Max leaf nodes: 5 	 Mean Absolute Percentage Error: 0.40193485771459436
Max leaf nodes: 50 	 Mean Absolute Percentage Error: 0.2621266250239739
Max leaf nodes: 500 	 Mean Absolute Percentage Error: 0.22911244195276875
Max leaf nodes: 5000 	 Mean Absolute Percentage Error: 0.24502910124021718


# **Exploration Random Forest Models**

**Building machine learning models with Random Forest Regressor**

**Importing RandomForestRegressor**

In [34]:
from sklearn.ensemble import RandomForestRegressor

**Model optimization**

In [40]:
rf_model = RandomForestRegressor(n_estimators=100, random_state=1)
rf_model.fit(X_train, y_train)
y_hat = rf_model.predict(X_test)
print(f"Mean Percentage Absolute Error: {mean_absolute_percentage_error(y_test, y_hat)}")

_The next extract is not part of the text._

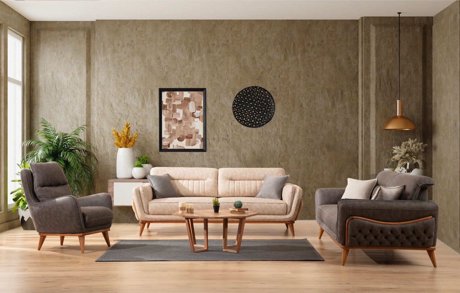Dank der 32-Dichte-Schaumstoffpolsterung erleben Sie bei jedem Sitzen optimalen Komfort, während das robuste Buchenholzgestell Stabilität und Langlebigkeit gewährleistet. Diese Garnitur ist nicht nur optisch ein Highlight, sondern auch äußerst funktional. Die Einzelbett- und Schlaffunktion ermöglichen es, die Sofas schnell und einfach in gemütliche Schlafgelegenheiten zu verwandeln – ideal für spontane Übernachtungsgäste oder entspannte Nächte.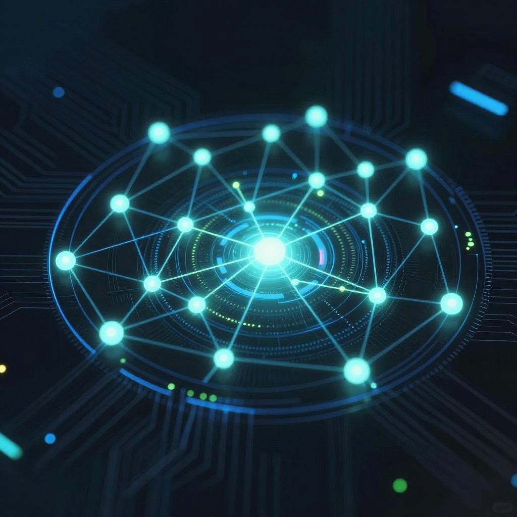 Outline generator picture displaying a complex network of glowing lines and nodes, futuristic digital interface style with neon blue and green highlights, high detail, dark background with subtle circuit patterns, tech-inspired cyberpunk aesthetic.

Mean Percentage Absolute Error: 0.18247748965116836


# **Conclusion**

The stages of creating a machine learning model begin with exploratory data analysis to see the characteristics of the data and continue with data cleaning. Then the data is categorized into 70% training data and 30% testing data, then a Decision Tree Regressor and Random Forest Regressor machine learning model is created.

Based on the Decision Tree Regressor model, the optimum max leaf nodes used are 500, but when compared to the Random Forest Regressor model which uses 100 Decision Tree models, the Random Forest Regressor model is better than the Decision Tree Regressor model which uses 500 max leaf nodes.